I’ve never read Danielle McLaughlin but I heard good things about her collection Dinosaurs on Other Planets — plus, you know me, if it’s Irish I’ll read it. I think this sounds great.

Summerwater by Sarah Moss
January 12, 2021
FSG

They rarely speak to each other, but they take notice—watching from the safety of their cabins, peering into the half-lit drizzle of a Scottish summer day, making judgments from what little they know of their temporary neighbors. On the longest day of the year, the hours pass nearly imperceptibly as twelve people go from being strangers to bystanders to allies, their attention forced into action as tragedy sneaks into their lives.
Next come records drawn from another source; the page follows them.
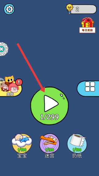 1、打開游戲,界面有每日獎勵等標識,點擊綠色開始按鈕,進入等級1的關(guān)卡準備畫線。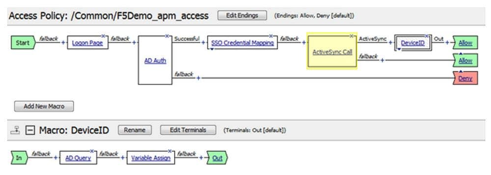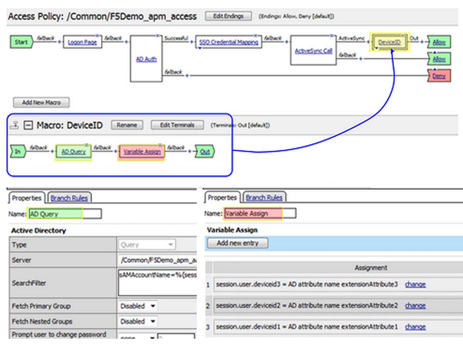 3. If the session is ActiveSync, a macro is utilized that performs an AD Query of the user’s attributes, and captures the Device IDs as session variables.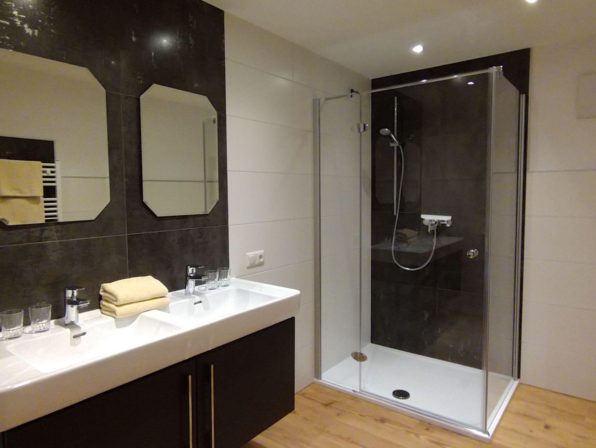 • Badezimmer mit Dusche und WC und Haartrockner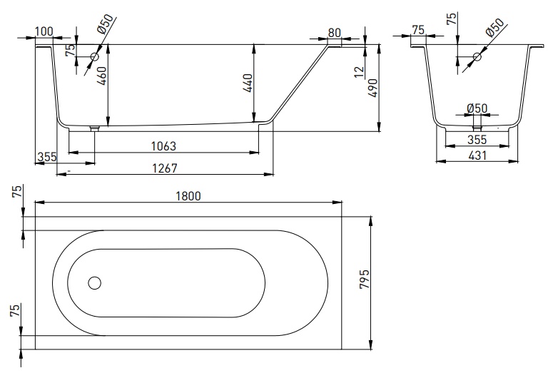 180 x 80 см. C переливом, цвет белый матовый (белый глянец). Ванна для встраивания или облицовки в комплекте с ножками. Ванну возможно удлиннить. Каменная масса Soft Rock.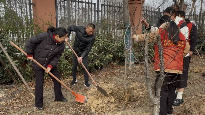宣讲结束后,大家开展植树活动,一棵棵树苗迎风挺立,为美丽的校园增添了勃勃生机。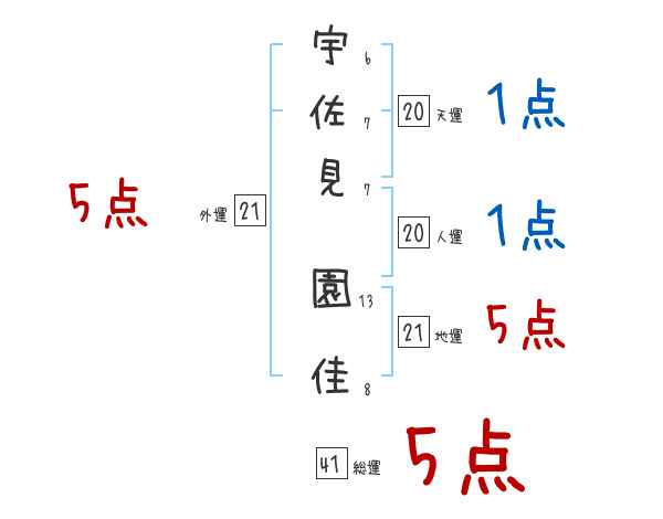 外運![]() | 宇佐見園佳さんの外運は21画の5つ星!統率力がある。独立し成功する。名誉を手に入れる。 生活面を象徴する運勢です。外部から受ける影響力を表し、結婚運、家庭運や職場、環境への順応性を表します。 |

At daylight, a mother races up the mountain, fleeing into her precious dose of solitude. A retired man studies her return as he reminisces about the park’s better days. A young woman wonders about his politics as she sees him head for a drive with his wife, and tries to find a moment away from her attentive boyfriend. A teenage boy escapes the scrutiny of his family, braving the dark waters of the loch in a kayak. This cascade of perspective shows each wrapped up in personal concerns, unknown to each other, as they begin to notice one particular family that doesn’t seem to belong. Tensions rise, until nightfall brings an irrevocable turn.

I was a huge fan of Sarah Moss’s Ghost Wall, though that still remains the only thing I’ve read by her. Really looking forward to this, which seems like another short and punchy offering from Moss.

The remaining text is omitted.